The Surrogacy (Regulation) Bill 2016
- According to the bill, only childless couples, legally married for at least five years, are allowed to commission surrogacy, from a woman who is a “close relative” of the couple.
- Singles or those in a homosexual relationship cannot apply for surrogacy.
- As the bill restricts surrogacy by only a “close relative”, couples who do not have a large “close” family — or members in it who might be willing to be surrogates for them — cannot have a baby through surrogacy. The only available option for them will then be adoption.
- Only a married blood relative, who must have herself borne a child, and is not an NRI or a foreigner, can be a surrogate mother, that too once in a lifetime.
- The bill aims to shut down surrogacy shops, allowing only altruistic surrogacy, meaning that apart from the basic costs incurred in the process of childbirth, no other gratification (in cash or kind) shall be paid to the surrogate mother.
- It bans commercial surrogacy that allows compensation, exceeding the medical expenses of childbirth, to be paid to the surrogate mother.
- According to the bill, foreign nationals will not be allowed to apply for surrogacy in India, making it exclusively for Indian citizens, in accordance with the provisions.
- Once enacted by Parliament, the National Surrogacy Board will be constituted at the central level, while the states and Union Territories will constitute the State Surrogacy Boards and State Appropriate Authorities within three months of the notification by the Central Government.
Critical analysis
The bill bans commercial surrogacy, saying that a heterosexual, childless married couple within India may opt for gestational surrogacy after five years with a ‘close relative’ on an altruistic basis. Surrogacy is allowed also when the intending couple has a child challenged in some way. The surrogate mother should be married and must have permission from her husband to act as surrogate; that, too, only once in her life. The government may be concerned, but the bill suggests that its understanding of women and of the desire for children is shallow, its approach intrusive. Why should the government dictate that the surrogate mother must be married, and must have her husband’s permission? It cannot decide, either, that a couple which knows they will be childless must wait five years, or less, or more, before going for surrogacy. The government’s unenlightened attitude towards persons with disabilities is exposed in the implied equation of having a challenged child with childlessness. Similarly, it lays bare its discriminatory approach by banning live-in couples, homosexual and trans people, and singles from opting for surrogacy.

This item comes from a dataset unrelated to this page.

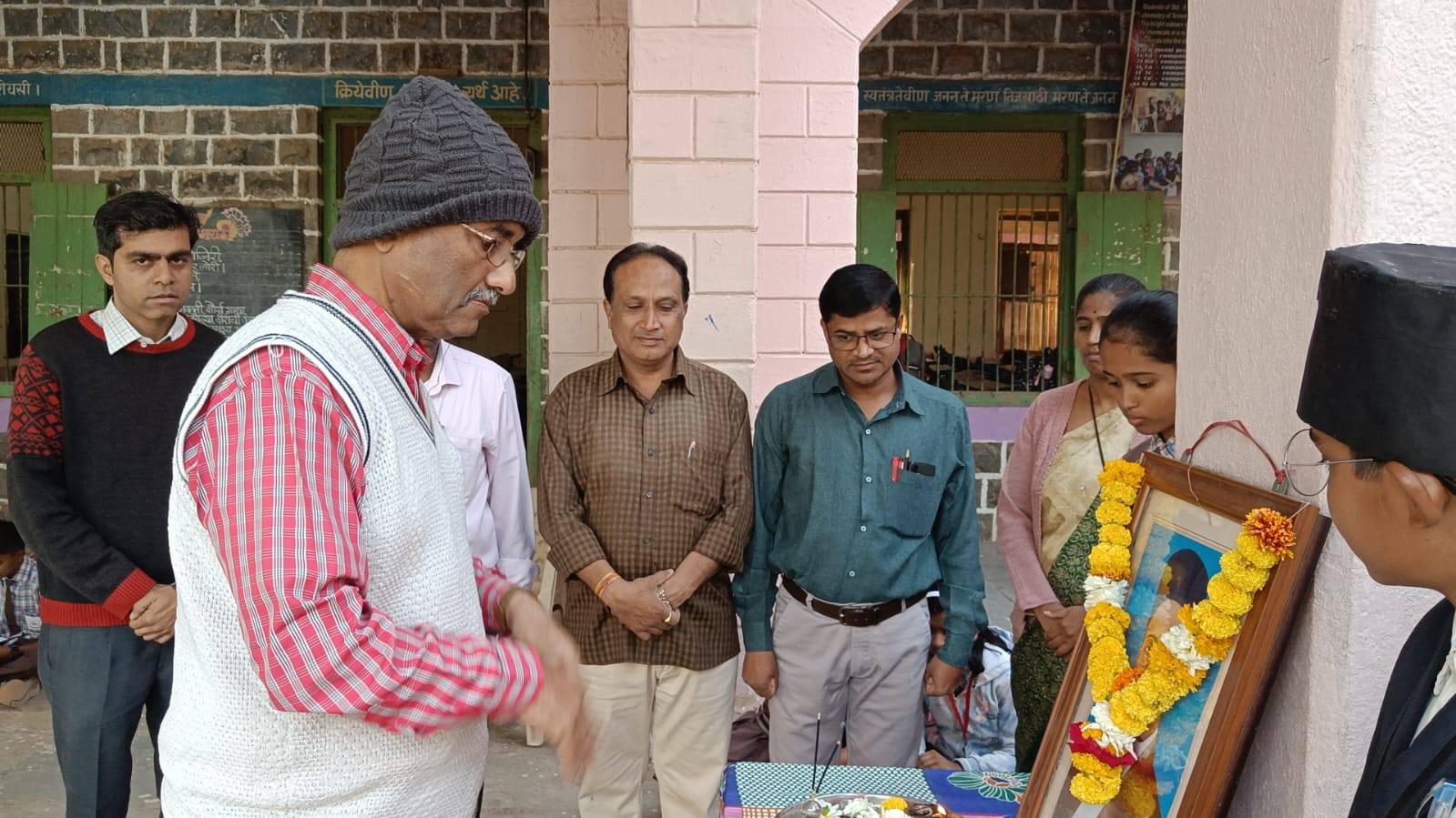 नांदगाव ( प्रतिनिधी ):विनायक दामोदर सावरकर यांच्या पुण्यतिथीनिमित्त आज व्ही. जे. हायस्कूलमध्ये अभिवादनपर कार्यक्रम आयोजित करण्यात आला. कार्यक्रमाची सुरुवात सावरकरांच्या प्रतिमेचे पूजन करून करण्यात आली.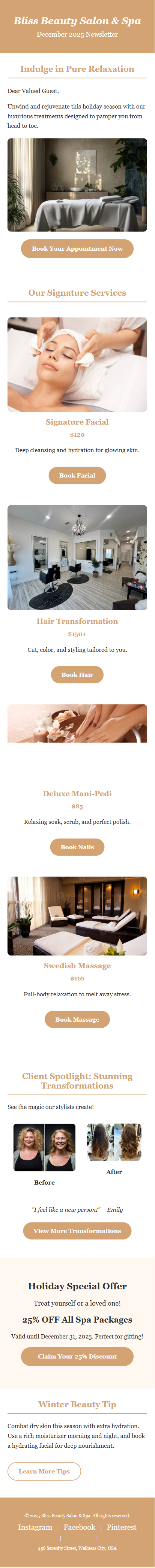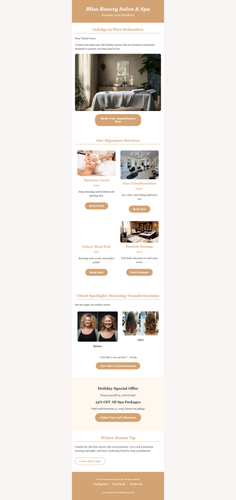 - Luxurious & On-Brand Design: Soft gold accents, serene imagery placeholders, and elegant typography capture the essence of relaxation and beauty. Perfect for showcasing facials, massages, hair transformations, mani-pedis, and holiday offers – just like a premium spa experience in your clients' inbox.

But the real elephant in the room is the prohibition of payment. Eliminating the possibility of ‘wombs for rent’, though, cannot stop exploitation — families, at least in India, exploit women most. Making the surrogate mother a ‘close relative’ not only increases the difficulties for intending parents but also reinforces familial, patriarchal networks, not least by undermining women’s autonomy of will and body. Altruism ignores the physical and emotional labour of the surrogate mother, and does not take into account post-partum problems, whether mental or physical. In India, women have to be fully informed about the nature of the invasion their bodies will experience for surrogacy and the possible emotional cost of letting a gestational child go before they agree to the procedure. The bill is silent about this aspect of exploitation. All it does is suggest an insurance and assume that bearing a child is a labour of love which it is women’s ‘nature’ to do ‘free’.